А. М.: Были резкие столкновения?

Е. Г.: Была даже полемика в газетах. Началась она без меня, много моих друзей как раз поехали на очередную конференцию в Альпбахе и опубликовали документ, широко известный в узком кругу экономистов как Альпбахская декларация.

А. М.: Сам термин «команда» вас устраивает?

Е. Г.: Я привык. Я его не придумывал, но я привык, и он меня не раздражает.

А. М.: Есть принципы, по которым живет команда?

Е. Г.: В значительной степени мы связаны не клятвой верности, а общностью гуманитарных и общеэкономических взглядов, и это определяет позицию. Нам не нужно собираться каждый раз, для того чтобы ее выверить, потому что мы знаем, что в подавляющем большинстве случаев она у нас будет общей и так.

А. М.: Оценивая сейчас ваш самый первый административно-политический опыт, какие просчеты и ошибки вы видите наиболее значимыми?

Е. Г.: Самая серьезная ошибка связана с нашим отношением к государственному аппарату. Мы начали с очень радикального сокращения — кстати, надо сказать, что в то время очень легко сокращалось, потому что все активно разбегались. Все ждали, что начальников будут вешать, поэтому идти в правительство охотников было очень мало. Было очень небольшое компактное правительство, резко сократившиеся министерства.

С весны ситуация начала меняться радикально. Все поняли, что вешать не будут, слухи о том, что начало реализации ре­форм приведет к немедленным катастрофам, не оправдывались, и сразу народ активно потянулся обратно в те самые кресла, откуда уходил. И здесь возникло мощнейшее давление, чтобы создавать все новые, новые, новые органы.

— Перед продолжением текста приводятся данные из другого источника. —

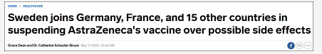 由于接种者血栓、死亡事件频发或采取预防性措施,截至15日,已有丹麦、挪威、冰岛、爱尔兰、荷兰、德国、法国、意大利、西班牙、葡萄牙、斯洛文尼亚、瑞典等至少18个欧洲国家暂停接种阿斯利康疫苗,对欧洲整体疫苗接种进程影响甚大。

Я помню свои разговоры с Хасбулатовым, они часто были связаны с тем, что Верховный Совет немедленно требовал создать вот такой-то и такой-то орган. Принимались и законы соответствующие. Постоянно по коридорам шастали стайки президентов республик и глав администраций с требованиями создать тот или иной новый орган. Мы пошли на компромисс — дадим разрешение на создание, но не дадим им денег. Это ошибка, это неизбежный скандал, после которого они себе выбьют и деньги и власть.

А. М.: Кто из команды вам по-человечески близок?

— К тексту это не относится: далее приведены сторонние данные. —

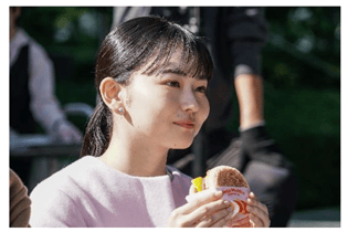 会議が急遽中止になったことで、不意に訪れた「朝マックタイム」に岡田さんが歓喜の声を上げるシーンでは、あまりにもパワフルすぎる演技に圧倒され、ビックリしながら笑いを堪える姿を見せていた山田さん。岡田さんはややオーバーアクション気味に演技を行うプランを立て、山田さんも予め把握していましたが、「キタキタキター︕」と道のど真ん中で叫ぶ岡田さんの演技レベルが予想の範囲を超えていたため、隣の山田さんはもちろん周囲の通行人役の出演者や撮影スタッフまでもが、目を丸くして驚きの表情を見せていました。

Е. Г.: Ну как я могу, это будет некорректно по отношению к тем, кого не назову. Я к Толе Чубайсу отношусь с огромной душевной симпатией, с огромным уважением, очень люблю его. Очень люблю Сережу Васильева, Петя Авен — яркий и хороший человек, очень люблю Сережу Игнатьева. Я очень хорошо отношусь к Косте Кагаловскому… Я многих еще могу назвать.

А. М.: Есть люди, к которым вы относитесь как к своим ученикам?

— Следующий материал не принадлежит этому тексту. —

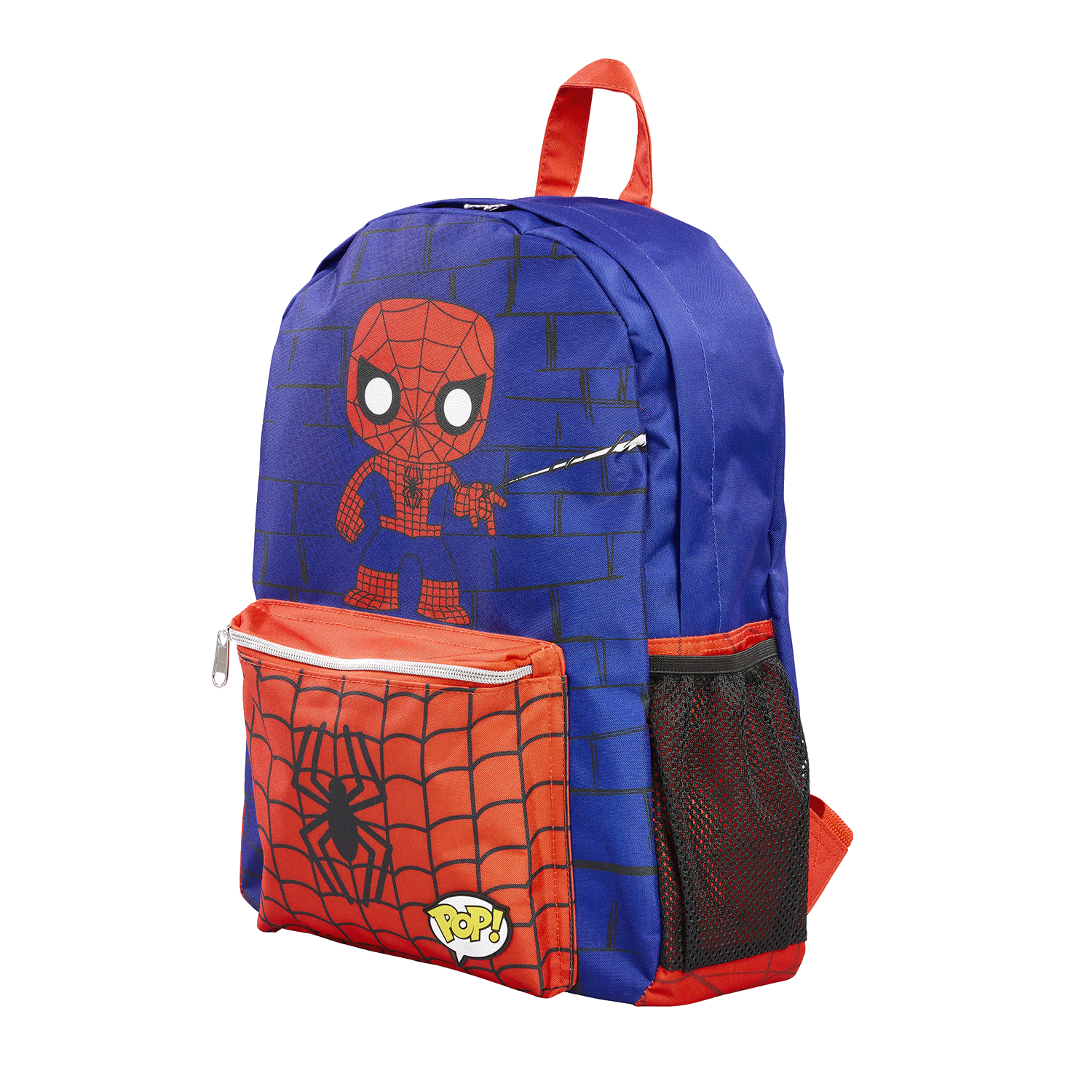 A fashionable web design that packs a punch? Our Marvel Spider-Man backpack is ready for any challenge. This backpack, in signature Spider-Man colours, features the spider symbol on the front pocket, along with an applique quote bubble that says “POP!” A print of POP! Spider-Man appears above, and a web pattern on the straps adds an authentic touch. Leap into action and turn everyday outings into superheroe adventures.

Е. Г.: У меня мало в собственном смысле слова учеников. Были подопечные, их было много, а вот учеников — не было времени.

А. М.: Не было времени или желания?

Е. Г.: Не было времени.

А. М.: Как вы считаете, насколько личное мужество, личная храбрость для реформатора важна? Я спрашиваю это в связи с тем, сколь разноречивые суждения вызвало ваше известное те­левыступление во время октябрьских событий.

Е. Г.: По-моему, важна. По-моему, реформатору с дрожащими коленками лучше не браться за это дело.

А. М.: Но каково вам было выдержать этот прессинг?

Е. Г.: Но мы же не отдали власть фашистам. Если бы отдали власть фашистам, тогда выдерживать прессинг бы не пришлось. А так ведь не отдали, а то, что потом, — тоже мне прессинг!

А. М.: Вы помните те эпитеты, которыми Солженицын награждал вашу политику?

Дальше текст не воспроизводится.